We have electronic medical records containing free text descriptions as well as structured information like patient IDs, hospital admission IDs, and date/time. One patient may have multiple additions to his or her medical record over the course of one hospital stay, so there may be several records with the same patient ID and hospital admission ID, but different notes and timestamps.
The Problem
We want to use free text in medical records to predict when a patient will develop sepsis. We know which patients were eventually billed for a sepsis diagnosis, but we don’t want to include notes that were written after the patient developed sepsis, or we might discover useless predictors like “began course of antibiotics for treatment of sepsis”. Once sepsis is suspected, the data is no longer useful for early prediction. How can we remove the records that mention sepsis, as well as all the patient’s other records with later timestamps, even if the later notes do not directly mention sepsis?
The Plan
We are going to solve this problem using PolyAnalyst, Megaputer’s data processing software. The following is a screenshot of a flowchart built using the software. The icons represent individual processing steps. Each icon is described below.
- Begin with a dataset of electronic medical records. I’ll use a small sample for testing my workflow first. Node: Sample.
- Search for mentions of sepsis in the text, and get a subset containing just those records. These will serve as the cutoff times for the patients they represent. Remember, we want to keep only the notes that the patient received beforethis time. Node: Search Query and Search Query Subset. The latter can be created by right-clicking on the relevant query in the Search Query node and selecting “Create subset”.
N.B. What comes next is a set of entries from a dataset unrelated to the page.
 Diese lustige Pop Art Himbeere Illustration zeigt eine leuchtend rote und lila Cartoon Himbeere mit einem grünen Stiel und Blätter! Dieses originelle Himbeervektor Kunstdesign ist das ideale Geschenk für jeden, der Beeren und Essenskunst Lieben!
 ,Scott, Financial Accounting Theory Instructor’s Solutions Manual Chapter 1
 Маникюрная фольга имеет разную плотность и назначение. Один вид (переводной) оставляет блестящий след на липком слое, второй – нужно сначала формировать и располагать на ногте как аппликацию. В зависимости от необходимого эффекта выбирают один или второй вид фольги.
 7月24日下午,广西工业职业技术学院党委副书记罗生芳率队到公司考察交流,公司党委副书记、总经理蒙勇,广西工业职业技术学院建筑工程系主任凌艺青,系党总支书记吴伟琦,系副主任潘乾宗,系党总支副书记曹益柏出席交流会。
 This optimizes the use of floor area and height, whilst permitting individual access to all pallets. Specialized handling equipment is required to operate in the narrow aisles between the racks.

- Sort the records by time: earliest dates first. Node: Sort Rows.
- Create a new column for timestamp information in each row, called “Earliest Sepsis Mention”. In our case, some timestamp entries were empty and needed to be filled with a more general date. Node: Derive.
- For any patient ID / hospital admission ID pair, keep only the first record. You now have a list of patients, each with a value in a column called “Earliest Sepsis Mention,” containing the timestamp for the first record that mentions their sepsis. Node: Aggregate.
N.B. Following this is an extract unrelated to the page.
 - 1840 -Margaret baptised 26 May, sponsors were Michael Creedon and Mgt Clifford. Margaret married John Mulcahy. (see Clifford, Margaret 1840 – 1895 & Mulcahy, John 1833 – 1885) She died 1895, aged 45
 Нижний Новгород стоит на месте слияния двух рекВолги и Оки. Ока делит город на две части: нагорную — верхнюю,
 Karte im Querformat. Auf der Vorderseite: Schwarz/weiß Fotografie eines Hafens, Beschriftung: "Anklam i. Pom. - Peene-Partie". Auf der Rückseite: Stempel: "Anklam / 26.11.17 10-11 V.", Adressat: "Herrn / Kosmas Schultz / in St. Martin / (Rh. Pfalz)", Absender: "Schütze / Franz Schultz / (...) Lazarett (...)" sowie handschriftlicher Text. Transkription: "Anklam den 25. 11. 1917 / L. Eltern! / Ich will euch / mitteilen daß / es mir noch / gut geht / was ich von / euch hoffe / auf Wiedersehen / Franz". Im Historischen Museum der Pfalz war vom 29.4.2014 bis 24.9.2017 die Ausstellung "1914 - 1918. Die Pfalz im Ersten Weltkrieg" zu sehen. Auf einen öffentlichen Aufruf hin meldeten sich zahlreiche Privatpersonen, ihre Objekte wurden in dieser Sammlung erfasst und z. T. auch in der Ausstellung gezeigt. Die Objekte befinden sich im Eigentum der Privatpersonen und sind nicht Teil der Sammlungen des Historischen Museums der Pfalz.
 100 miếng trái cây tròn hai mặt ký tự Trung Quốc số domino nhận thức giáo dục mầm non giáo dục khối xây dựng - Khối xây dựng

- Join this dataset (right) with your original dataset (left). Use a left outer join so that for every record in your original dataset, it checks your new list to see if there is a matching patient and hospital admission ID. If there is, it will add in the new information: the timestamp of that patient’s Earliest Sepsis Mention. If that patient and hospital admission are not in the new list (they never had sepsis mentioned in their notes), the Earliest Sepsis Mention will remain blank. Node: Join.
- Now for the easy part! Filter rows so that you only keep the records with an empty value in Earliest Sepsis Mention, or where the record’s timestamp is an earlier time than that patient’s Earliest Sepsis Mention. Node: Filter Rows.
The Result
We searched our data for mentions of sepsis, selected the earliest record for each patient in that list, then applied that answer to all patient records in our original dataset. From there, it was easy to compare the medical note timestamp with the timestamp of the first time sepsis was ever mentioned for that patient, meaning we have a new, smaller dataset where we have eliminated all of the records mentioning sepsis, as well as those patients’ later follow-up records.
In short, we flagged all patient records with timestamps after a particular event in their medical record, so they could be removed from our training data.